**PROVIDED DATA**.
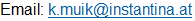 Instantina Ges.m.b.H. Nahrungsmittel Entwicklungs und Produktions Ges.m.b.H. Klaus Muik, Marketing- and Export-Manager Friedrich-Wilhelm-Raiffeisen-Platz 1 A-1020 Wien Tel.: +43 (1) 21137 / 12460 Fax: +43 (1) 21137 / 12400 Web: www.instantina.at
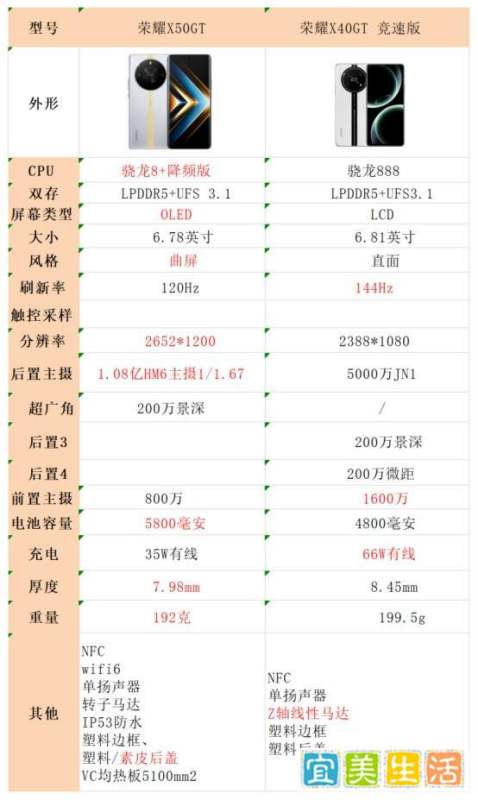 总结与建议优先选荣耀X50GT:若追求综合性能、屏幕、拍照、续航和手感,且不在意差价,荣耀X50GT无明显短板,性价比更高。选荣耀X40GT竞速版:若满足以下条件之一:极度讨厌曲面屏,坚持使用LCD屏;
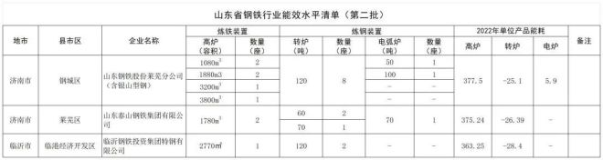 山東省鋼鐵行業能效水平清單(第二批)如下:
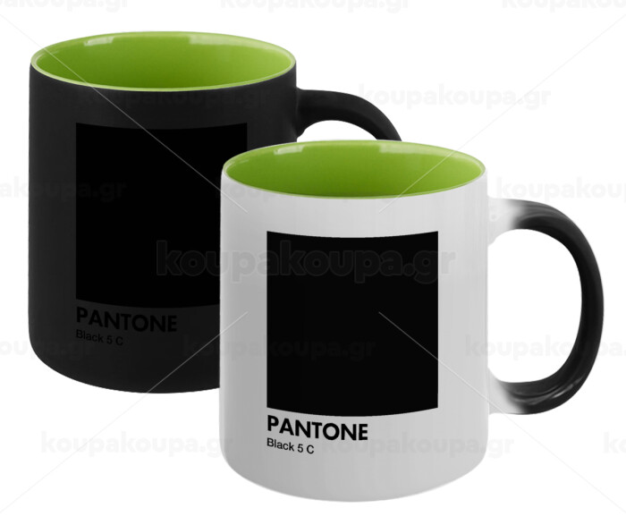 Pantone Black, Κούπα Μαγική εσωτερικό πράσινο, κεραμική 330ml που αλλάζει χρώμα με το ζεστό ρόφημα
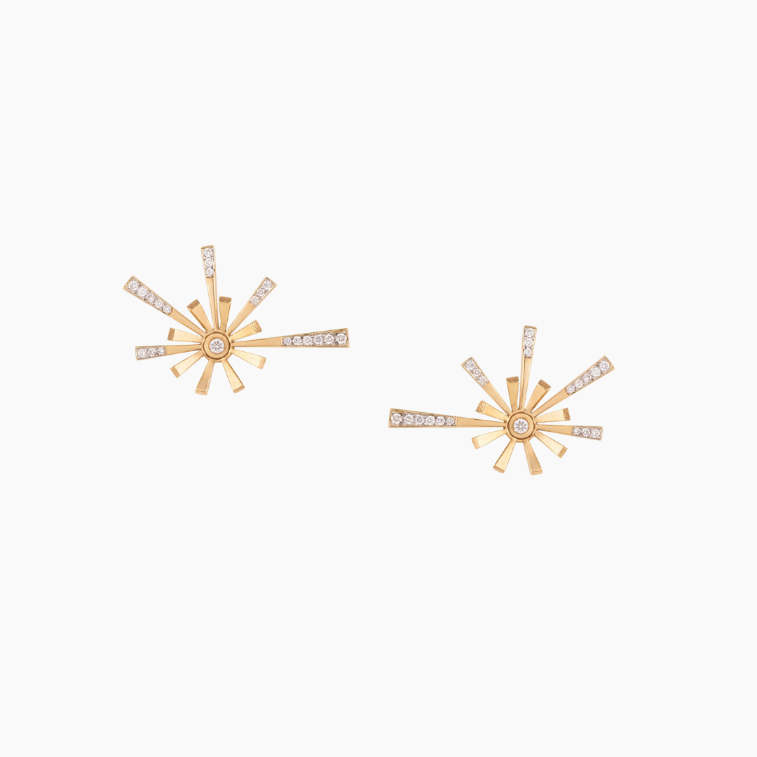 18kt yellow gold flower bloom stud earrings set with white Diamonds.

--

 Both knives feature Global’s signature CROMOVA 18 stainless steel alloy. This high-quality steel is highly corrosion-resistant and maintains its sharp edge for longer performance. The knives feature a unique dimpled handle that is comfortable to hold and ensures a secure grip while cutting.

**EXERCISE DIRECTIONS**. To complete this exercise, transcribe exactly the lines above from the one that holds "Instantina Ges.m.b.H. Nahrungsmittel" through the one that holds "总结与建议优先选荣耀X50G". Pictures stay out.

**ANSWER TO THIS PROBLEM**.
 Instantina Ges.m.b.H. Nahrungsmittel Entwicklungs und Produktions Ges.m.b.H. Klaus Muik, Marketing- and Export-Manager Friedrich-Wilhelm-Raiffeisen-Platz 1 A-1020 Wien Tel.: +43 (1) 21137 / 12460 Fax: +43 (1) 21137 / 12400 Web: www.instantina.at
 总结与建议优先选荣耀X50GT:若追求综合性能、屏幕、拍照、续航和手感,且不在意差价,荣耀X50GT无明显短板,性价比更高。选荣耀X40GT竞速版:若满足以下条件之一:极度讨厌曲面屏,坚持使用LCD屏;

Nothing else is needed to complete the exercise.